C'est le sens des recherches menées sur une parcelle de l'Institut de la science de la vigne et du vin de Bordeaux, où 52 cépages différents plantés en 2009 sont élevés pour voir lesquels s'approcheraient le plus du caractère typique des cépages bordelais.

En octobre, une vingtaine de cépages issus de la parcelle expérimentale ont été vinifiés pour comparer cette production aux vins réalisés grâce aux cépages traditionnels bordelais. L'objectif est d'évaluer chaque candidat à une future entrée dans la composition des vins de Bordeaux.

Est notamment étudié de près le tinto cao, cépage portugais qui entre aujourd'hui dans l'assemblage des vins des grands portos du Portugal, indique Kees van Leeuwen, car «le climat atlantique de Porto correspond à ce qui va ressembler à celui de Bordeaux dans 30 ou 40 ans avec 2 ou 3 degrés de plus».

Être prêt dans 10 ans 

De nombreux viticulteurs bordelais réclament la possibilité de faire des expérimentations sous couvert de l'AOC sur 1 à 2% de leurs surfaces.

«Ça ne va pas modifier le goût du Bordeaux si on change 1% du cépage, en revanche on aura appris des choses (...), on aura introduit de nouvelles techniques pour être prêts dans 10 ans à les lancer de façon officielle», dit Jérémy Ducourt, oenologue des vignobles Ducourt, qui viennent de démarrer des essais de nouveaux cépages.

Bernard Farges a bon espoir d'obtenir un feu vert européen: «On y travaille. On pense pouvoir avoir l'accord de la Commission européenne courant 2016 pour que le cahier des charges de l'AOC puisse intégrer des dérogations dans le cadre d'expérimentations», dit-il.

«Ensuite, il faudra planter des pieds qui ne produiront qu'en 2019 et qu'on ne goûterait qu'en 2020. C'est long, c'est pour cela qu'il faut démarrer tôt», ajoute-t-il.

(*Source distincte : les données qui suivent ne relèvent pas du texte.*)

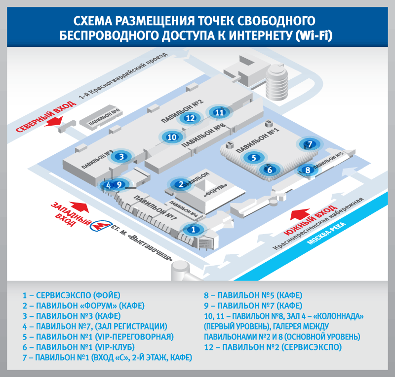 «Экспоцентр» предоставляет свободный беспроводной доступ к сети Интернет в специально выделенных зонах WiFi. С размещением зон на территории ЦВК можно ознакомиться на плане комплекса.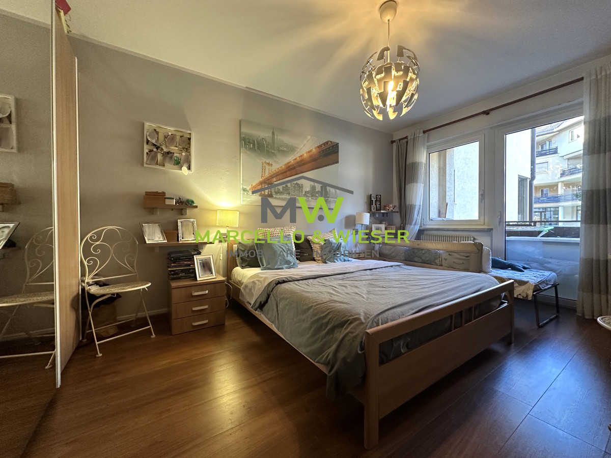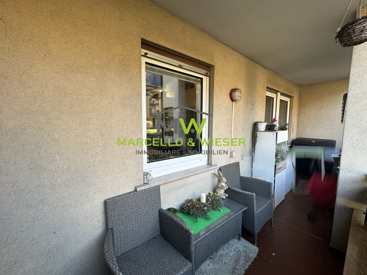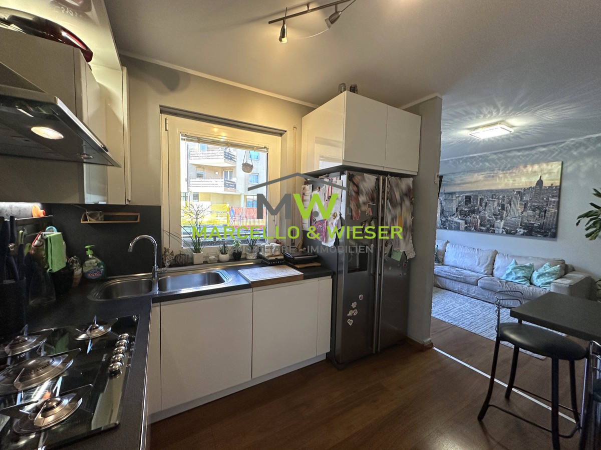 Eingang, Wohnzimmer - Küche mit direktem Balkonzugang, ein zweiter Balkon, 2 Schlafzimmer und ein Badezimmer mit Fenster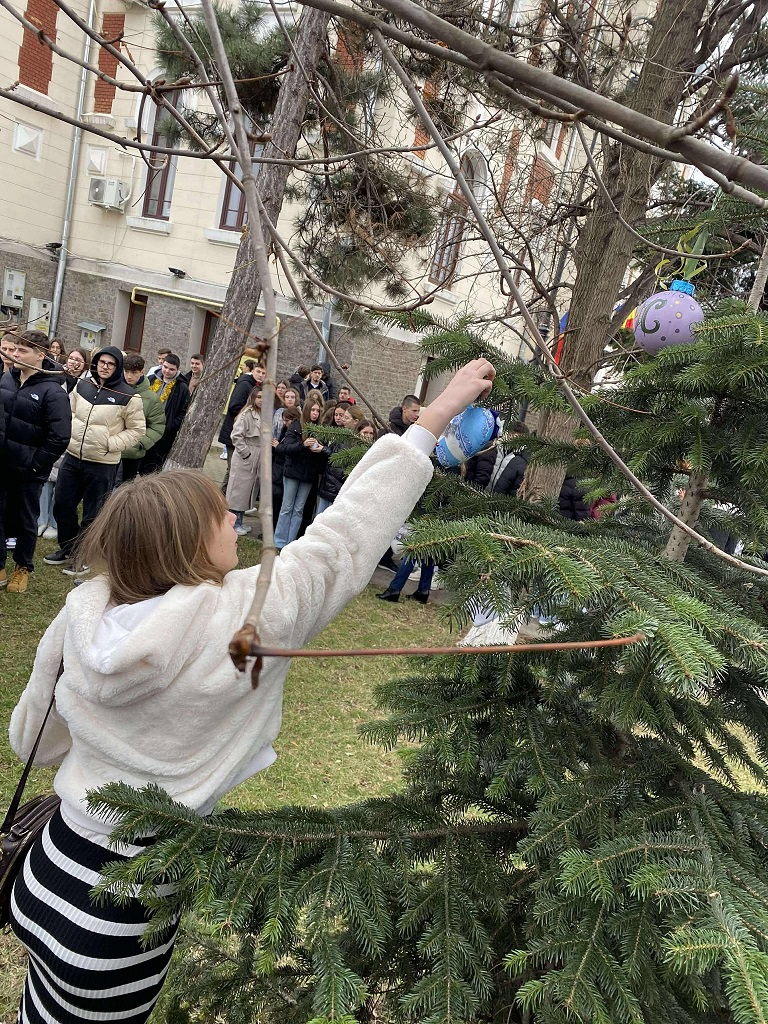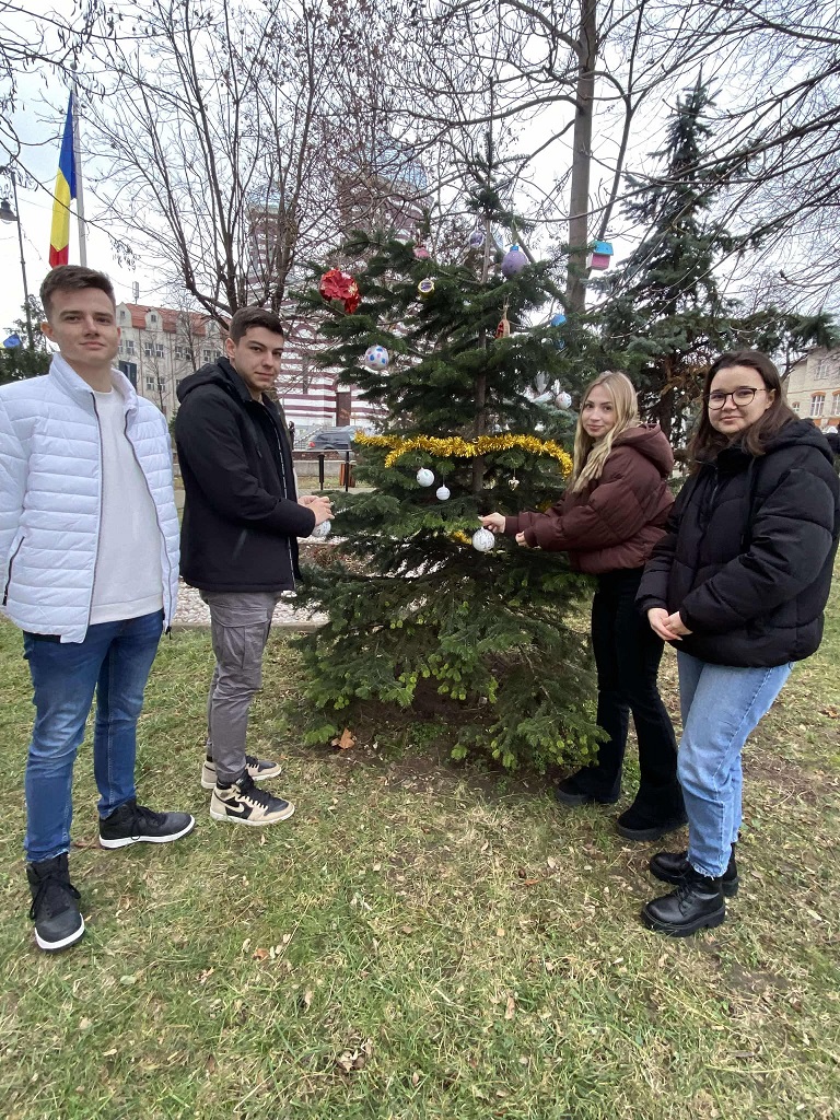 Bradul, socotit un simbol al sufletului, a fost înfrumusețat de către elevii colegiului, însoțiți de cadrele didactice, cu beteală și globuri. Dar nu orice fel de globuri, ci personalizate și împodobite cu bunătate, speranță, pace, armonie, iubire. Valori pe care sărbătoarea Crăciunului le aduce mai aproape de noi.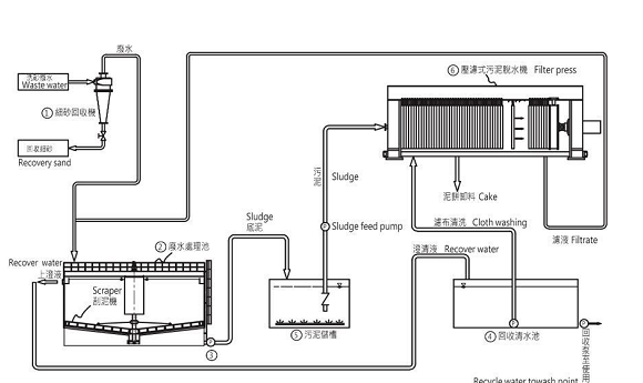 流程如下:洗砂機→細砂回收機一臺(進行0.075以上的顆粒回收)→廢水中轉(zhuǎn)水池(中轉(zhuǎn)以方便小部份細砂沉淀,可用可不用)→廢水處理系統(tǒng)(進行變量加藥沉淀、清水回收、淤泥濃縮)→板框壓濾機(淤泥干化),如下圖所示: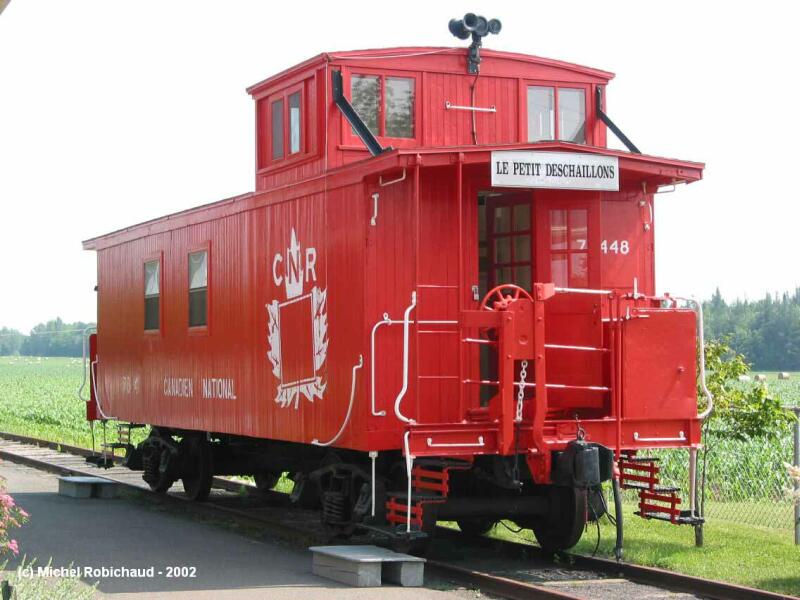 CN-Leaside rebuilt wood caboose number 78448 is on static display at Parisville, QC, at the entrance of the "Parc linéaire du Petit Deschaillons". This is a bike path built on CN's former Deschaillon Sub, abandoned in the '80s.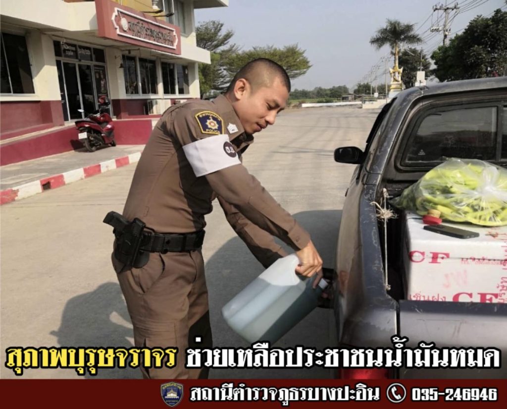สุภาพบุรุษจราจร สภ.บางปะอิน ช่วยเหลือประชาชนรถน้ำมันหมด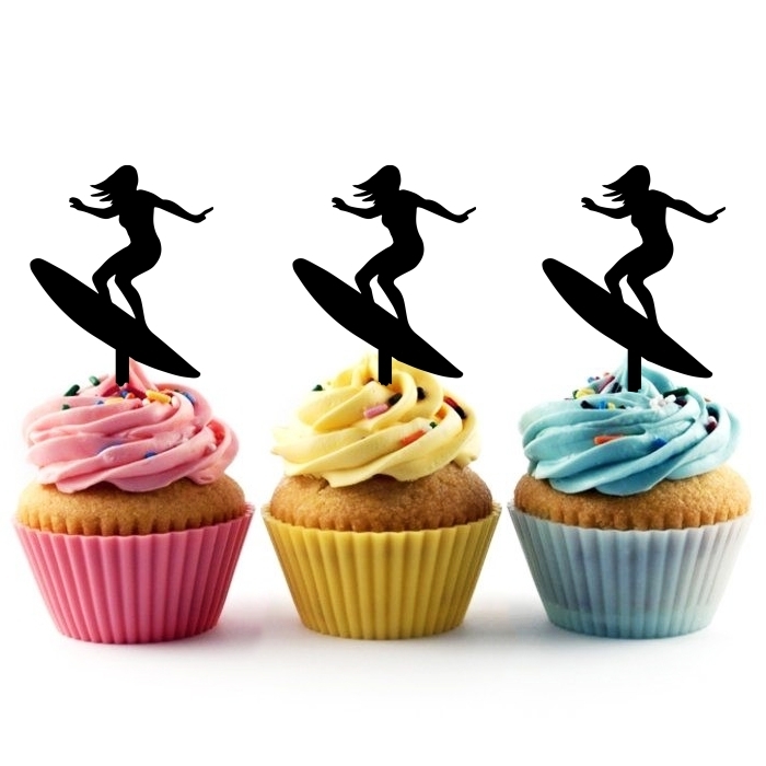 Surfer Girl Cupcake 10 Toppers Laser Cut Acrylic for Wedding Birthday Baby Shower Bachelorette Engagement Party Decor

Le sujet n'est pas uniquement français: cette thématique fait l'objet d'un programme financé par l'Union européenne, Adviclim, qui vise à évaluer les impacts du changement climatique sur les parcelles viticoles, à simuler des scénarios d'adaptation et à mesurer les émissions de gaz à effet de serre liées aux pratiques viticoles. Il concerne cinq vignobles en Grande-Bretagne (Sussex), en Allemagne (Rheingau), en Roumanie (Cotnari) et en France (Bordelais et Val-de-Loire).